WHAT IS NEEDED:
Lines before the one containing "Defense France |" are not wanted; restate the rest below word for word, through the last line, but drop any pictures.

--- DATA PROVIDED Enclosed Below ---

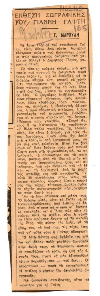 Απόκομμα, χαρτί, 18,5×5,5 εκ., στα ελληνικά, δημοσίευσης κριτικής έκθεσης του Γιάννη Γαΐτη, η οποία διεξάγεται στον Φιλολογικό Σύλλογο Παρνασσό, στην Αθήνα.
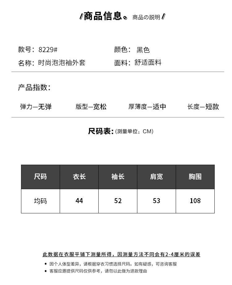 Nueva Chaqueta Corta Esponjosa de Manga Abullonada Lotte 2025 Otoño Sense of Design
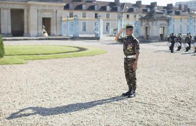 | Keywords: CJCS visits France 140918-D-VO565-045.jpg en The commander of a French military honor guard salutes during a welcome ceremony for Chairman of the Joint Chiefs of Staff U S Army Gen Martin E Dempsey not shown outside the French Ministry of Defense in Paris Sept 18 2014 DoD photo by D Myles Cullen/Released 2014-09-18 Myles Cullen https //www dvidshub net/image/1582529 140918-D-VO565-045 2014-09-29 17 01 PARIS FR PD-USGov Martin E Dempsey in 2014 Images from DoD uploaded by Fæ Ministry of Defense France |
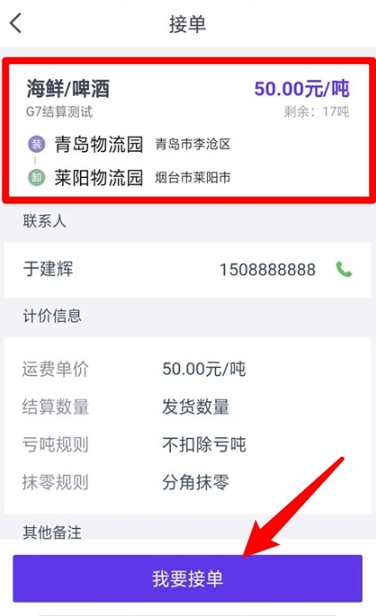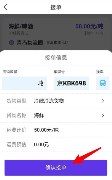 5、填写货物数量与车牌信息,仔细核对订单内容无误后,点击确认接单按钮,即可完成接单流程。
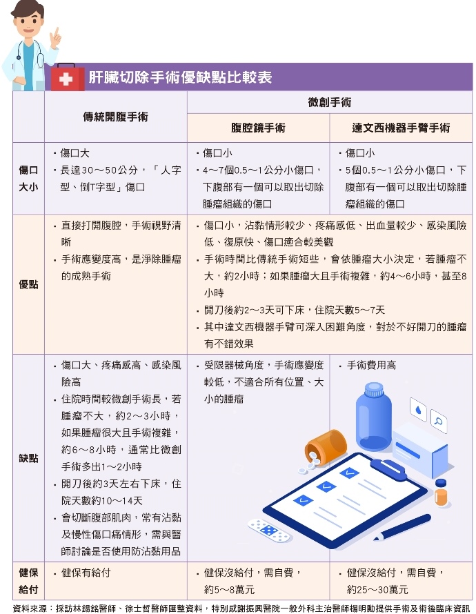 站在醫師角度,傳統開腹的開口較大,執刀醫師觀察病灶的視野相對清晰,也可以透過手感觸摸到肝臟,切除過程中能夠因應腫瘤狀況,隨時調整手術進程,已是淨除腫瘤的成熟手術,是優先考慮使用的切除手術。
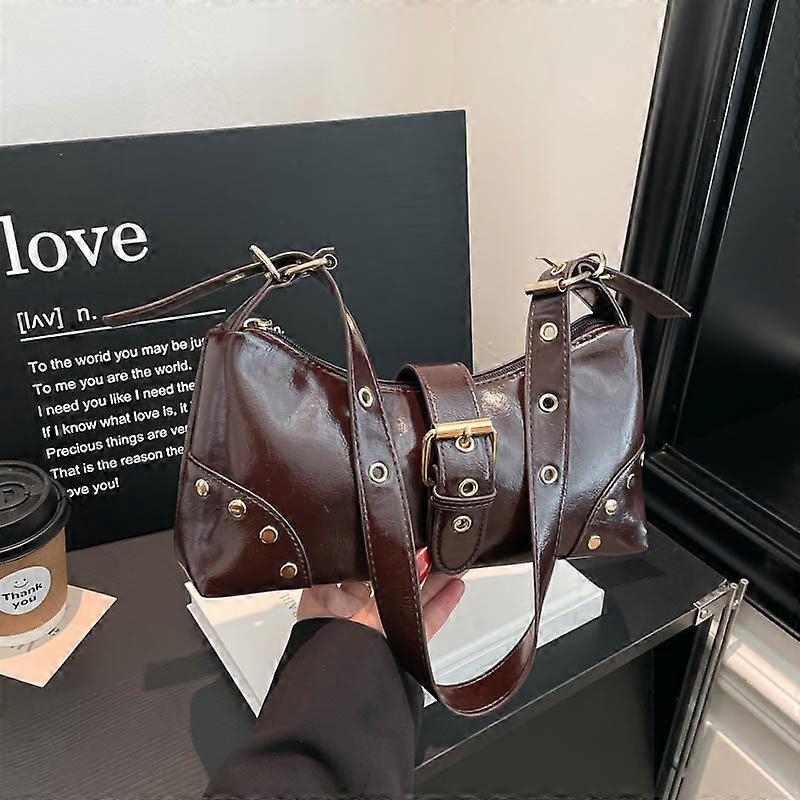 Vintage Patent Leather Underarm Bag Solid Color Studs & Metal Buckle Belt Zipper PU Adjustable Strap Easy Organize for Commute
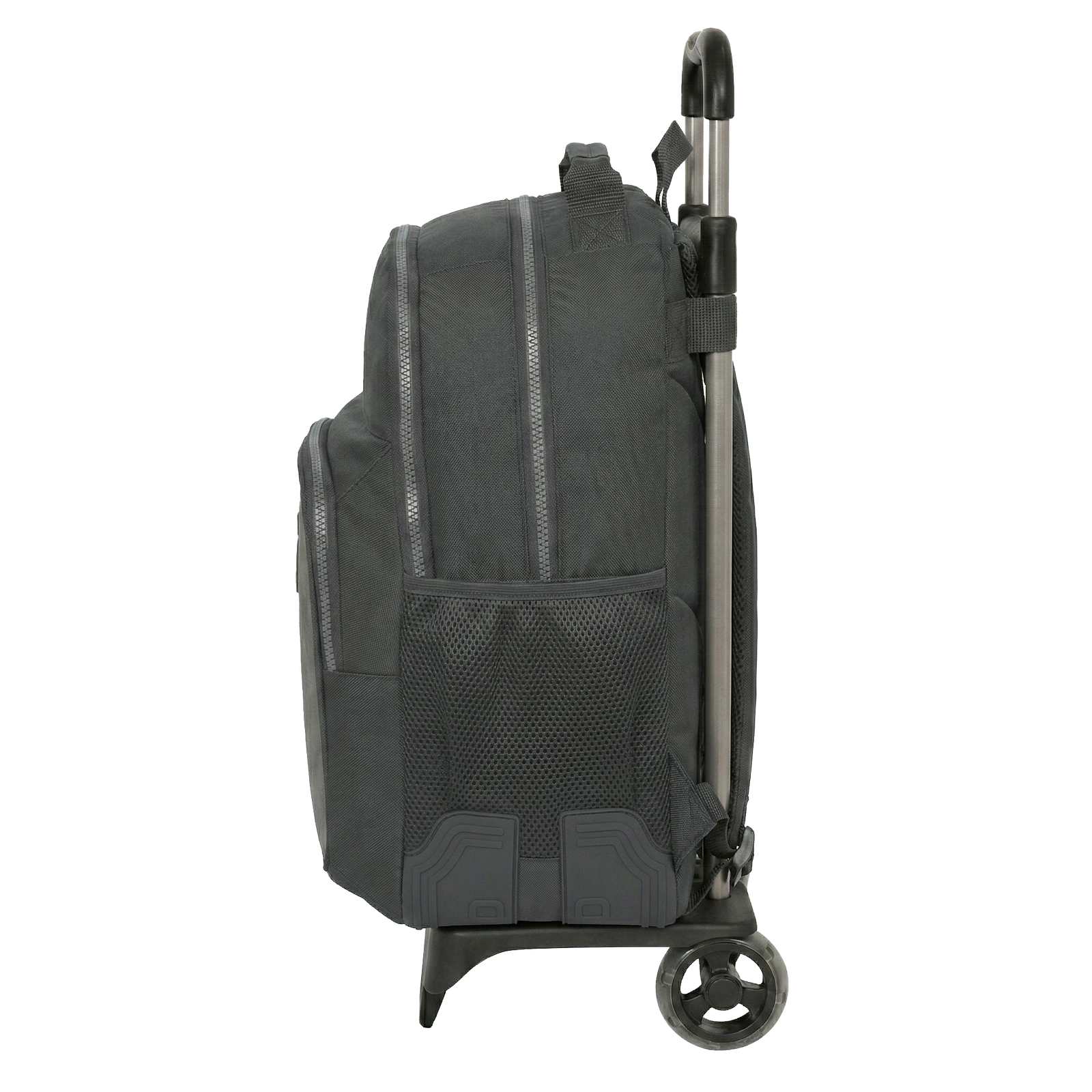 El corazón de este producto es su carro. Fabricado con una estructura de acero pintado y PVC de alta resistencia, se ajusta milimétricamente a la mochila para evitar vibraciones. Sus ruedas con cubierta de goma están diseñadas para absorber impactos y rodar en silencio sobre cualquier superficie, alcanzando una altura total de 85 cm para una postura ergonómica perfecta.

--- End of Enclosed DATA PROVIDED ---

WRITTEN ANSWER:
 | Keywords: CJCS visits France 140918-D-VO565-045.jpg en The commander of a French military honor guard salutes during a welcome ceremony for Chairman of the Joint Chiefs of Staff U S Army Gen Martin E Dempsey not shown outside the French Ministry of Defense in Paris Sept 18 2014 DoD photo by D Myles Cullen/Released 2014-09-18 Myles Cullen https //www dvidshub net/image/1582529 140918-D-VO565-045 2014-09-29 17 01 PARIS FR PD-USGov Martin E Dempsey in 2014 Images from DoD uploaded by Fæ Ministry of Defense France |
 5、填写货物数量与车牌信息,仔细核对订单内容无误后,点击确认接单按钮,即可完成接单流程。
 站在醫師角度,傳統開腹的開口較大,執刀醫師觀察病灶的視野相對清晰,也可以透過手感觸摸到肝臟,切除過程中能夠因應腫瘤狀況,隨時調整手術進程,已是淨除腫瘤的成熟手術,是優先考慮使用的切除手術。
 Vintage Patent Leather Underarm Bag Solid Color Studs & Metal Buckle Belt Zipper PU Adjustable Strap Easy Organize for Commute
 El corazón de este producto es su carro. Fabricado con una estructura de acero pintado y PVC de alta resistencia, se ajusta milimétricamente a la mochila para evitar vibraciones. Sus ruedas con cubierta de goma están diseñadas para absorber impactos y rodar en silencio sobre cualquier superficie, alcanzando una altura total de 85 cm para una postura ergonómica perfecta.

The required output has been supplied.